• EXERCISE: Copy each line of the listing below exactly and drop the images.

• INFORMATION PROVIDED:
[Start of section]

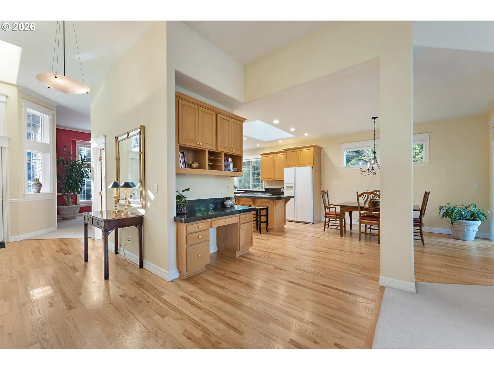 If you’re seeking privacy and convenience, look no further than this perfectly located Maplewood/Garden Home retreat. From the moment you step inside, you’ll feel a sense of peace and serenity as lush natural views greet you from every corner. Loved & meticulously maintained by the original owner, with elegant finishes & timeless features like soaring ceilings, refinished hardwood floors, and a flowing, circular layout that makes both everyday living and entertaining a breeze. Coveted main-level living includes a spectacular living room with a breathtaking wall of windows, an open chef’s kitchen, multiple dining areas, and a tranquil primary suite tucked away from the common spaces. A flexible upper level includes two large bedrooms, home office (or possible 4th bedroom), and an inspiring loft area, perfect for curling up with your favorite book. Dine, unwind, or entertain on the spacious wraparound deck while leaving yard work behind. A peaceful natural greenspace replaces the traditional backyard, and front yard maintenance is covered by a small, well-managed HOA. Newer roof & skylights, water heater, and refinished hardwoods. Sought-after SW PDX neighborhood, just moments to Multnomah Village restaurants and boutiques, Washington Square, schools, parks, and commuter routes. [Home Energy Score = 4. HES Report at https://rpt.greenbuildingregistry.com/hes/OR10243306]
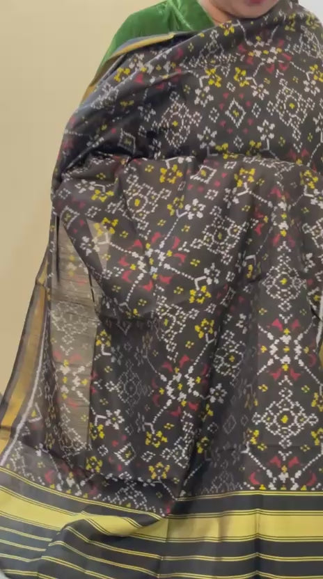 Black handloom pure mulberry silk  Patola dupatta with hathi motif
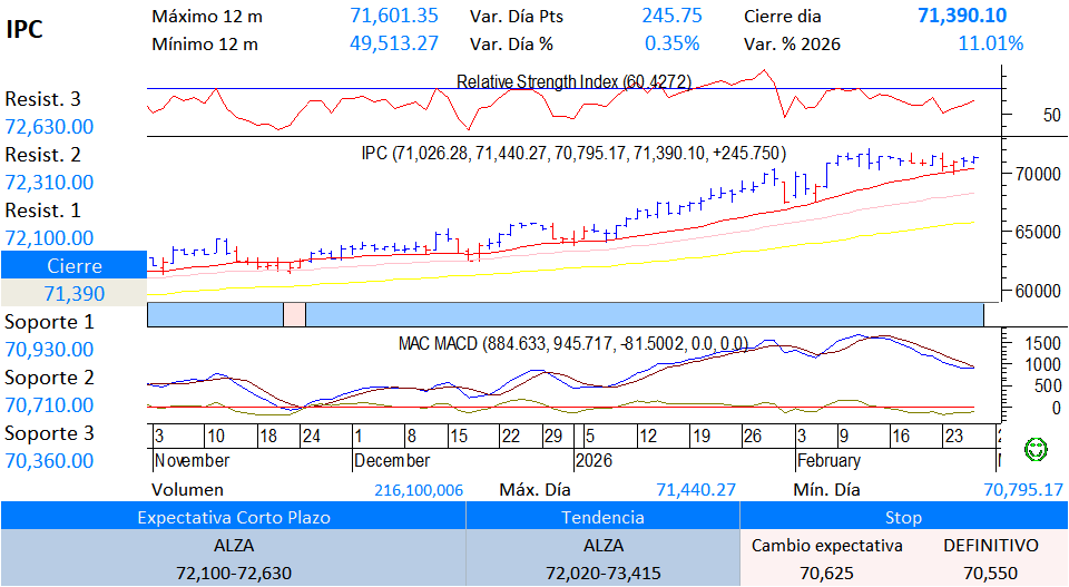 La bolsa (IPyC)Gráficas / Mario Copca / febrero 27, 2026 IPyC: Alza, mantener las compras;Venta gradual si baja de 70,625. La bolsa (IPyC) Leer más »

[End of section]

• SOLUTION:
 If you’re seeking privacy and convenience, look no further than this perfectly located Maplewood/Garden Home retreat. From the moment you step inside, you’ll feel a sense of peace and serenity as lush natural views greet you from every corner. Loved & meticulously maintained by the original owner, with elegant finishes & timeless features like soaring ceilings, refinished hardwood floors, and a flowing, circular layout that makes both everyday living and entertaining a breeze. Coveted main-level living includes a spectacular living room with a breathtaking wall of windows, an open chef’s kitchen, multiple dining areas, and a tranquil primary suite tucked away from the common spaces. A flexible upper level includes two large bedrooms, home office (or possible 4th bedroom), and an inspiring loft area, perfect for curling up with your favorite book. Dine, unwind, or entertain on the spacious wraparound deck while leaving yard work behind. A peaceful natural greenspace replaces the traditional backyard, and front yard maintenance is covered by a small, well-managed HOA. Newer roof & skylights, water heater, and refinished hardwoods. Sought-after SW PDX neighborhood, just moments to Multnomah Village restaurants and boutiques, Washington Square, schools, parks, and commuter routes. [Home Energy Score = 4. HES Report at https://rpt.greenbuildingregistry.com/hes/OR10243306]
 Black handloom pure mulberry silk  Patola dupatta with hathi motif
 La bolsa (IPyC)Gráficas / Mario Copca / febrero 27, 2026 IPyC: Alza, mantener las compras;Venta gradual si baja de 70,625. La bolsa (IPyC) Leer más »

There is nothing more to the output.